[[ Material provided open ]]

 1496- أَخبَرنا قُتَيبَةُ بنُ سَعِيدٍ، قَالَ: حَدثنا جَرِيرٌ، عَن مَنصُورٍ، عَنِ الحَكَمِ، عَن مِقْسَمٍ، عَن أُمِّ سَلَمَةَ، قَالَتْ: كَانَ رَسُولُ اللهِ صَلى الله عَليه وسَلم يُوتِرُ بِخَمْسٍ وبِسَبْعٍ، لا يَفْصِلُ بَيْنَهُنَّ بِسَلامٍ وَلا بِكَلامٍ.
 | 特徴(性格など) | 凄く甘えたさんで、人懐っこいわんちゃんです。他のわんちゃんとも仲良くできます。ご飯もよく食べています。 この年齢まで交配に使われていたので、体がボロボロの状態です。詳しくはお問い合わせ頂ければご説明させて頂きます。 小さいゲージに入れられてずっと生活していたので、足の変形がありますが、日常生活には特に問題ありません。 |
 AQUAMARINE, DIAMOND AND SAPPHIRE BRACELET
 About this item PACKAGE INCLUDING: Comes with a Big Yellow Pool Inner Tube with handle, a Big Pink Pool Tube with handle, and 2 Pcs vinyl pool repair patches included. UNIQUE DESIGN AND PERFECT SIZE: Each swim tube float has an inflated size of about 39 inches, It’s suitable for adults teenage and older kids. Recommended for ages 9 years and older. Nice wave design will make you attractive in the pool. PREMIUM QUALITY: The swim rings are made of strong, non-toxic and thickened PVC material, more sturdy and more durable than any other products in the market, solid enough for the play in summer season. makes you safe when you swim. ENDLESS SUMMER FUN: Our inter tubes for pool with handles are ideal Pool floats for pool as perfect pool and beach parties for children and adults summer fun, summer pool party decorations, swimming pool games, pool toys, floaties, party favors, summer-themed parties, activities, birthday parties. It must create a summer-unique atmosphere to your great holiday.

[[ Material provided closed ]]

Problem to solve |
The reply must consist solely of the lines from the one containing "AQUAMARINE, DIAMOND AND SAPPHIRE BRACELET" through the last line in the material above, reproduced exactly.

Exercise solution |
 AQUAMARINE, DIAMOND AND SAPPHIRE BRACELET
 About this item PACKAGE INCLUDING: Comes with a Big Yellow Pool Inner Tube with handle, a Big Pink Pool Tube with handle, and 2 Pcs vinyl pool repair patches included. UNIQUE DESIGN AND PERFECT SIZE: Each swim tube float has an inflated size of about 39 inches, It’s suitable for adults teenage and older kids. Recommended for ages 9 years and older. Nice wave design will make you attractive in the pool. PREMIUM QUALITY: The swim rings are made of strong, non-toxic and thickened PVC material, more sturdy and more durable than any other products in the market, solid enough for the play in summer season. makes you safe when you swim. ENDLESS SUMMER FUN: Our inter tubes for pool with handles are ideal Pool floats for pool as perfect pool and beach parties for children and adults summer fun, summer pool party decorations, swimming pool games, pool toys, floaties, party favors, summer-themed parties, activities, birthday parties. It must create a summer-unique atmosphere to your great holiday.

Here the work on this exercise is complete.